Ethan Cormont

Personal information
- Born: 29 September 2000 (age 25) Créteil, France

Sport
- Sport: Athletics
- Event: Pole vault
- Club: ASA Maisons-Alfort

Medal record
Men's athletics
Representing France
European U23 Championships
| Gold medal – first place | 2021 Tallinn | Pole Vault |

= Ethan Cormont =

French athlete (born 2000)

Ethan Cormont (born 29 September 2000 in Créteil) is a French Olympic athlete who competes in the pole vault.

==Early life==
From Maisons-Alfort and coached by Alain Kouznetzoff, in February 2019, he broke the French junior pole vault record, until then held by Jean Galfione, by crossing 5.62m. In the process he won the national junior title.

==Career==
He won the bronze medal in the pole vault competition of the 2020 French championships, crossing 5.58m to finish behind brothers Renaud Lavillenie (gold) and Valentin Lavillenie (silver).

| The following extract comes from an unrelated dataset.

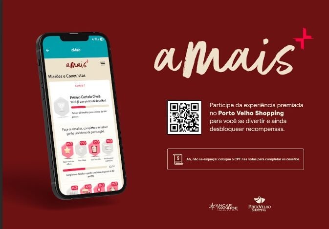 O Porto Velho Shopping apresenta no dia 1º de outubro, às 16h, o lançamento oficial do aMais, programa de benefícios que transforma cada visita ao shopping em oportunidades de ganhar prêmios e descontos. O acesso será feito direto pelo app do Porto Velho Shopping, onde os clientes recebem uma cartela mensal com 16 desafios.

On January 31, 2021, he broke his personal best by passing 5.72m. On this occasion he achieved the minimum for the European indoor championships. A week later, he broke his record again by crossing 5.73 m in Rouen. At the French indoor championships in Miramas on February 21, 2021, he won the silver medal with a jump to 5.72m, behind Valentin Lavillenie but in front of Renaud Lavillenie. Later that month he cleared 5.80m for a new personal best. In July 2021, he equalled this height to win the 2021 European Athletics U23 Championships in Tallinn. At the Tokyo Olympics Corment cleared 5.50m and finished twelfth in his qualifying group.

At the 2023 European Athletics Indoor Championships Cormont cleared 5.75m to make the final.

He was a finalist at the 2025 World Athletics Championships in Tokyo, Japan, in September 2025, placing eleventh overall.